Real conservatism is not rage. It is reverence. It does not treat the past as a museum, but as a teacher. America’s founders asked us to preserve their principles and improve upon their practice. That means understanding what we are conserving — a living covenant, not a relic.

Conservatism as stewardship

In 2025, conservatism means stewardship — of a nation, a culture, and a moral inheritance too precious to abandon. To conserve is not to freeze history. It is to stand guard over what is essential. We are custodians of an experiment in liberty that rests on the belief that rights come not from kings or Congress, but from the Creator.

That belief built this country. It will be what saves it. The Constitution is a covenant between generations. Conservatism is the duty to keep that covenant alive — to preserve what works, correct what fails, and pass on both wisdom and freedom to those who come next.

Economics, culture, and morality are inseparable. Debt is not only fiscal; it is moral. Spending what belongs to the unborn is theft. Dependence is not compassion; it is weakness parading as virtue. A society that trades responsibility for comfort teaches citizens how to live as slaves.

Freedom without virtue is not freedom; it is chaos. A culture that mocks faith cannot defend liberty, and a nation that rejects truth cannot sustain justice. Conservatism must again become the moral compass of a disoriented people, reminding America that liberty survives only when anchored to virtue.

Rebuilding what is broken

We cannot define ourselves by what we oppose. We must build families, communities, and institutions that endure. Government is broken because education is broken, and education is broken because we abandoned the formation of the mind and the soul. The work ahead is competence, not cynicism.

Conservatives should embrace innovation and technology while rejecting the chaos of Silicon Valley. Progress must not come at the expense of principle. Technology must strengthen people, not replace them. Artificial intelligence should remain a servant, never a master. The true strength of a nation is not measured by data or bureaucracy, but by the quiet webs of family, faith, and service that hold communities together. When Washington falters — and it will — those neighborhoods must stand.

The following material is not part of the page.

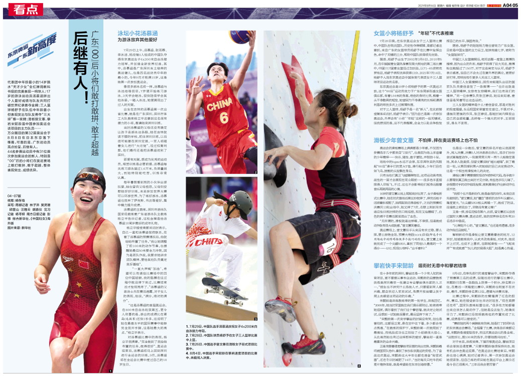 代表团中年龄最小的14岁跳水“天才少女”全红婵用教科书级的完美表现一鸣惊人;17岁的游泳运动员汤慕涵拼出个人最好成绩与队友共同打破世界纪录勇夺金牌;三人篮球杨舒予在队伍中年龄最小但表现突出与队友勇

Eric Lee / Stringer | Getty Images

This is the real work of conservatism: to conserve what is good and true and to reform what has decayed. It is not about slogans; it is about stewardship — the patient labor of building a civilization that remembers what it stands for.

A creed for the rising generation

We are not here to cling to the past or wallow in grievance. We are not the movement of rage. We are the movement of reason and hope.

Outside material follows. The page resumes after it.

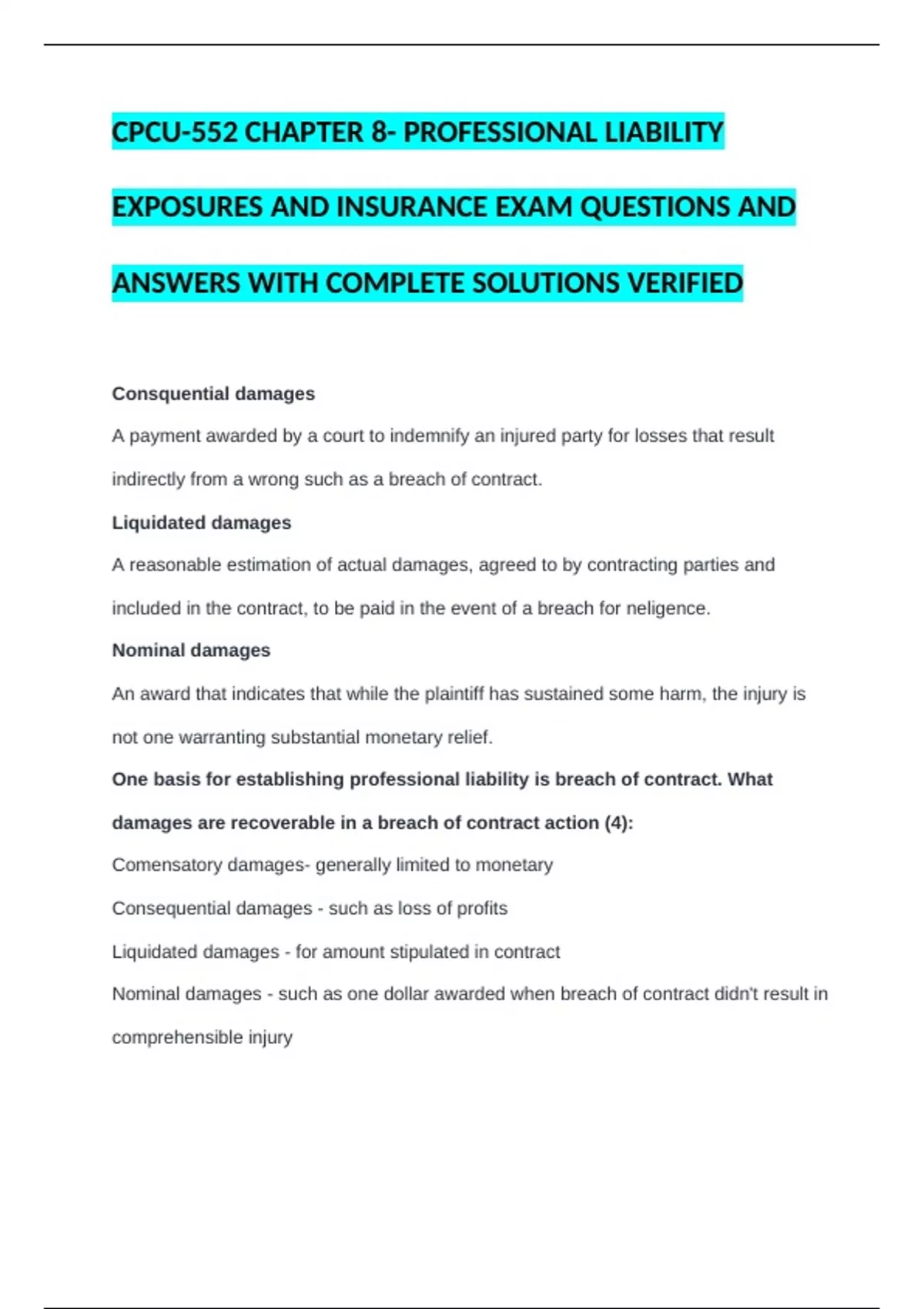 EXPOSURES AND INSURANCE EXAM QUESTIONS AND

For the rising generation, conservatism cannot be nostalgia. It must be more than a memory of 9/11 or admiration for a Reagan era they never lived through. Many young Americans did not experience those moments — and they should not have to in order to grasp the lessons they taught and the truths they embodied. The next chapter is not about preserving relics but renewing purpose. It must speak to conviction, not cynicism; to moral clarity, not despair.

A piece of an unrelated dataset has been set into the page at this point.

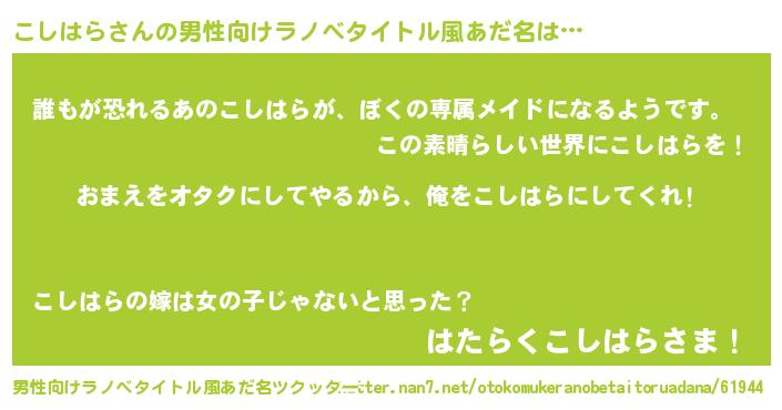 | ヒーロー風カッコイイあだ名 | 『愛の使者こしはら』『ネオコシハラ』 |

Young people are searching for meaning in a culture that mocks truth and empties life of purpose. Conservatism should be the moral compass that reminds them freedom is responsibility and that faith, family, and moral courage remain the surest rebellions against hopelessness.

To be a conservative in 2025 is to defend the enduring principles of American liberty while stewarding the culture, the economy, and the spirit of a free people. It is to stand for truth when truth is unfashionable and to guard moral order when the world celebrates chaos.

We are not merely holding the torch. We are relighting it.